‘And Crispin Crispian shall ne’er go by,
From this day to the ending of the world,
But we in it shall be remembered’
He also gives them a material reason to fight when he tells them,
‘For he to-day that sheds his blood with me
Shall be my brother; be he ne’er so vile
This day shall gentle his condition’
Repetition is often used in the passage to highlight important words such as Crispian, day, remember’d and honour. ‘Before Agincourt’ is written in blank verse and lines are written in iambic pentameter. This means that there is a rhythm with five strong beats. The words Shakespeare wants to highlight are placed in positions within the line that would make them emphasised when someone was reading them. This is why the words that are repeated are mostly found at the beginning or the end of the line.
At the beginning of the poem Henry talks about what he is thinking and uses ‘I’ but as the poem goes on he talks about ‘us’. This was probably to give the soldiers a sense of solidarity and loyalty to the King. He also instils a sense of pride within the soldiers. One example of this is when he says that the victorious soldier who returns home will ‘strip his sleeve and show his scars’. Alliteration is also used to highlight this phrase. Henry’s speech is very bold and confident. This would have made his soldiers feel as though they too had a reason to be confident.

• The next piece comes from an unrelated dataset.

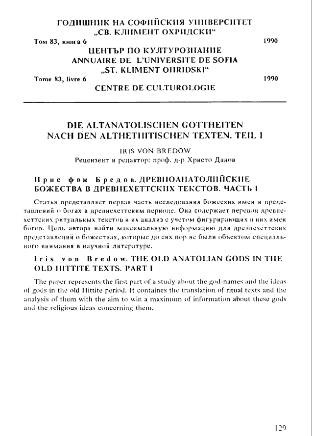 Статията представлява първата част от изследването на божествените имена и представи за боговете в древния хетски период. Съдържа превод на древни хетски ритуални текстове и техния анализ, като се вземат предвид имената на боговете, фигуриращи в тях. Целта на автора е да намери най-пълна информация за древните хетски представи за божествата, които все още не са били обект на специално внимание в научната литература.
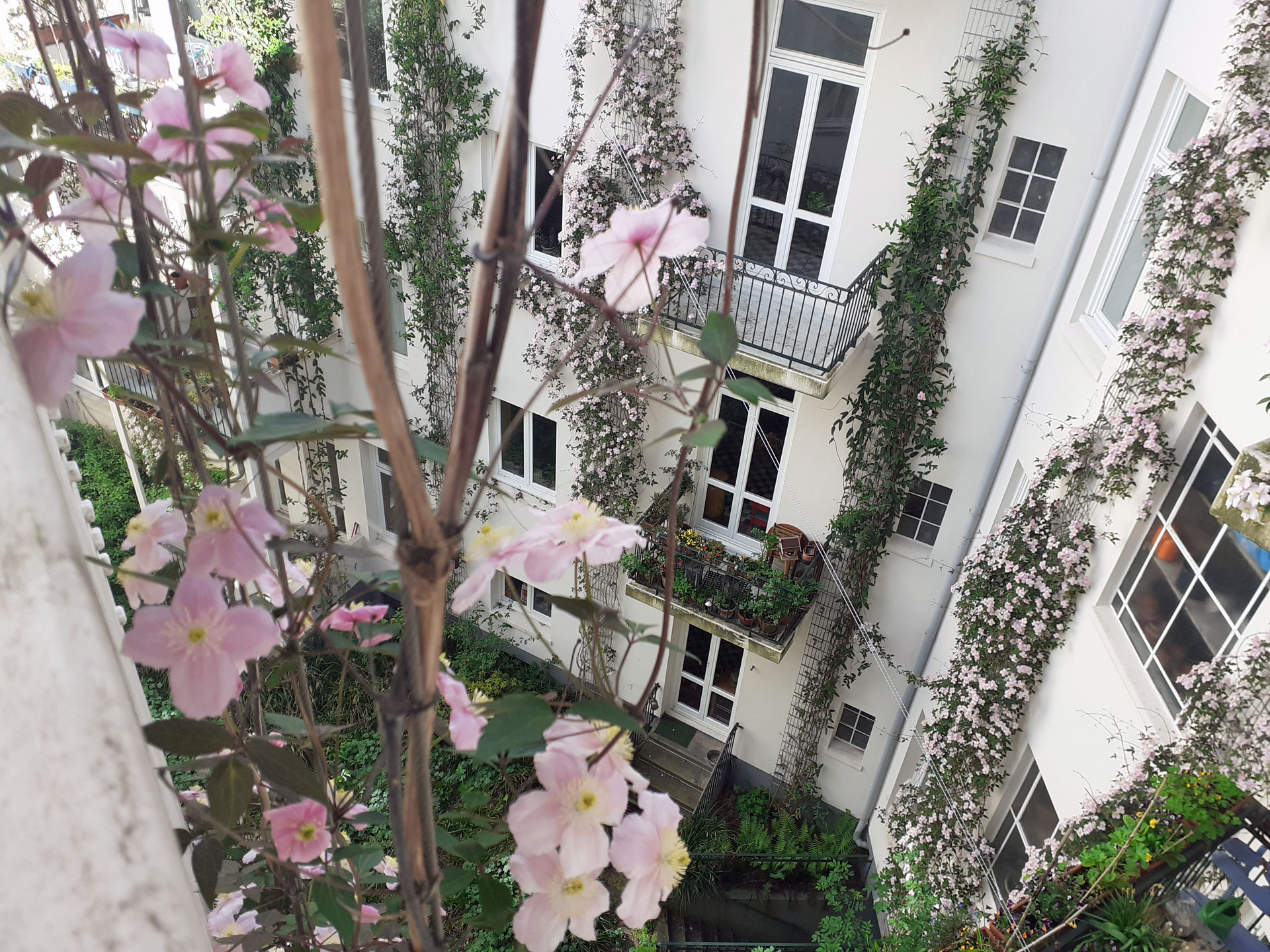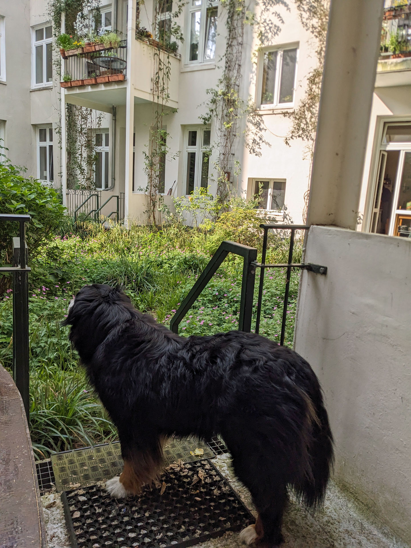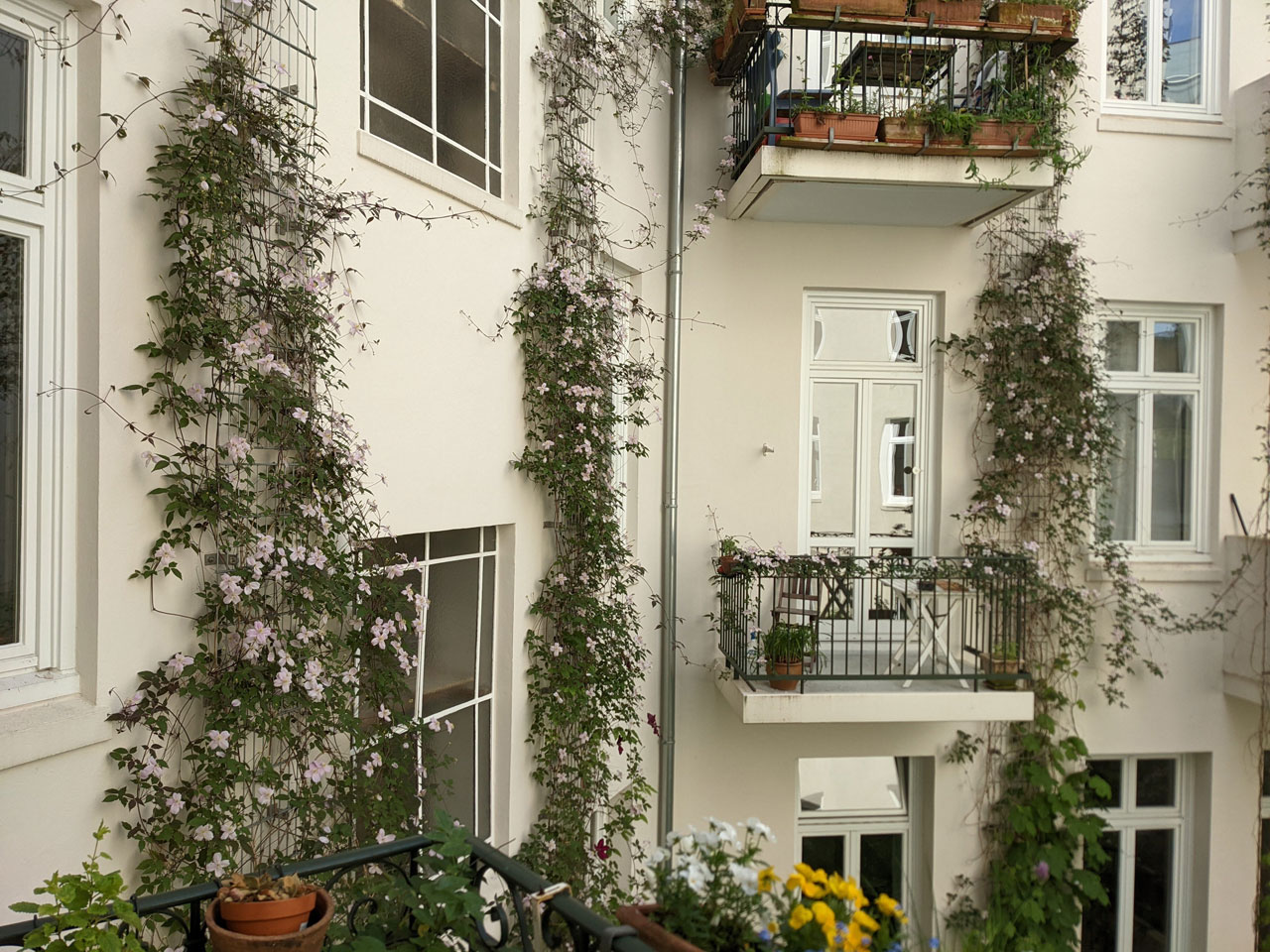 Was kaum jemand weiß: Auf der Rückseite des Hauses Hayn-/Hegestraße befindet sich ein grünes Idyll, ein gärtnerisch gestalteter Innenhof, mit Wildblumenwiese und Kletteranlagen für Rankgewächse, die Vögeln und Insekten eine Heimat bieten und Einfluss auf das Mikroklima nehmen.

In Wilfred Owen’s poem, ‘The Send-off’ young inexperienced boys are being sent off to fight in a foreign country. They don’t know what to expect and have no idea of the horrors that await them in the trenches.
The poem starts off with the recruits making their way to the train station; we are told that they ‘sang their way’. This would suggest that they are happy. They then line the train ‘with faces grimly gay’. The words grimly and grey are very sinister and contrast with the first line where they are cheerful. This line tells us that there is great uncertainty on behalf of the recruits as to where they are going and although they are trying to be happy they can’t help but worry about the ominous situation they are facing. Owen then goes on to say that,
‘Their breasts are stuck all white with
wreath and spray
As men’s are, dead.’
Wreath and spray are normally flowers associated with funerals and when Owen draws this comparison he is anticipating the soldiers deaths. While all this is happening ‘Dull porters watched…and a casual tramp stood staring hard’ this quotation suggests that there is an indifference from the porters and the tramp, they don’t think nor do they care that most of the men they see now will die. The tramp will be ‘sorry to miss them from the upland camp’ but this is probably because they gave him food and he is more sorry for himself.
‘Then unmoved, signals nodded, and a lamp
Winked to the guard.’
In this quotation the lamp and signals are personified through the use of the words ‘unmoved’, ‘nodded’ and ‘winked’. These are actions associated with people. They also suggest that there is some sort of conspiracy going on, that they know something that the soldiers don’t and aren’t supposed to know.
There is also an element of shame expressed in the poem. Shame on behalf of those who are sending the men of to war. They are taken away in the dark ‘like wrongs’ when no one could see them. When they returned home they were hidden out of shame once again. Owen uses a question very well when he asks,
‘Shall they return to beatings of great bells
In wild train-loads ?’
He answers the question with, ‘A few, a few, too few for drums and yells’. Owen uses repetition to emphasise the pity of the situation. This shame at the loss of life is further highlighted in the following lines.
‘…May creep back, silent, to village wells,
up half known roads’
The use of the words ‘creep’ and ‘silent’ suggest that the soldiers may be physically marred or too traumatised for celebrations. When Owen says that they are travelling ‘up half known roads’ this could be because their memories of their lives before the war have blurred after all the horrors they have witnessed.
I prefer Wilfred Owen’s poem ‘The Send-off’ to Shakespeare’s ‘Before Agincourt’. I like the downbeat and subdued rhythm and the rhymed verse. I also think Wilfred Owens views on war are far more truthful and coincide with my own. He not only illustrates the amount of pointless death, but he tells of the mental and physical anguish that tortures the survivors even after they have returned home. Owen does not give war any sort of false honour as there is nothing worth celebrating in a wasted life. He himself fought in the war and so was under no false illusions as to the harsh and brutal realities faced in the trenches. He wanted everyone else to know the truth about war and used poetry as his medium.
‘Above all I am not concerned with poetry.
My subject is war and the pity of war.
The poetry is in the pity.’
Henry V has many romantic notions of an honourable death, but death is not honourable when it is realised whilst trying to end the life of another human being.